The EU’s financial regulators announced the release of the results of the “Fit-For-55” climate stress test, examining the resilience of banks, investment funds and the pension and insurance sectors to the transition to a low carbon economy.
The stress test found that while transition risks alone are unlikely to threaten financial stability, the sector could see substantial losses and disruption in some scenarios, leading the regulators to call for “a coordinated policy approach to financing the green transition and the need for financial institutions to integrate climate risks into their risk management in a comprehensive and timely manner.”

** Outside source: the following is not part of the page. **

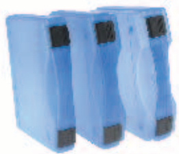
T 2003 S T 2003 M T 2003

The plastic cases TEKNO are nicely shaped and sturdy. Inlays can be created individually. Choose from 17 different sizes, there will be surely one for your needs. Additional to the five standard colours we are able to produce also in individual colours of your company. This is what we call Corporate Design up to the packaging!
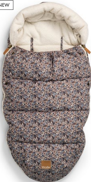
Blue Garden 50500203410NA Recycled Material

The report by Europe’s three primary financial regulatory agencies, the European Supervisory Authorities (ESAs) – which include The European Banking Authority (EBA), The European Insurance and Occupational Pensions Authority (EIOPA), and The European Securities and Markets Authority (ESMA) – follows a request by the European Commission in 2023 for the regulators to carry out a comprehensive system-wide analysis of the financial sector’s resilience to climate-related risks, and its ability to facilitate financing for Europe’s green transition under stress scenarios, with a specific focus on the impact of the EU’s 2030 goal to reduce greenhouse gas emissions by at least 55% by 2030, or its “Fit-For-55” strategy.
The stress test examined 3 scenarios, including a baseline scenario in which the implementation of the “Fit-for-55” package progresses as planned, a “Run on Brown” adverse scenario in which market participants suddenly negatively reassess transition risks in the form of a confidence shock and resulting in a selloff of carbon intensive assets, and a “Run on Brown” scenario amplified by other standard macro-financial stress factors.
The analysis found that the first “Run on Brown” scenario would have only a limited impact on the financial system, with the most significant losses in the investment fund sector at 11.2% of starting point exposures when modelling includes contagion and amplification effects across firms and sub-sectors of the financial system. The adverse scenario coupled with macro stress factors, however, “could disrupt the evolving transition and substantially increase financial institutions’ losses, thereby impairing their financing capacity,” according to the ESAs, with the investment fund sector again seeing the heaviest losses at 25%. According to the ESA’s investment funds suffer the worst losses as they are most exposed to market risk.
Overall, under the most adverse scenarios, the stress test estimated “first-round” losses assessing only individual sector vulnerabilities of approximately €3.9 trillion across the financial system, and additional losses of €1.2 trillion when considering contagion effects across the system.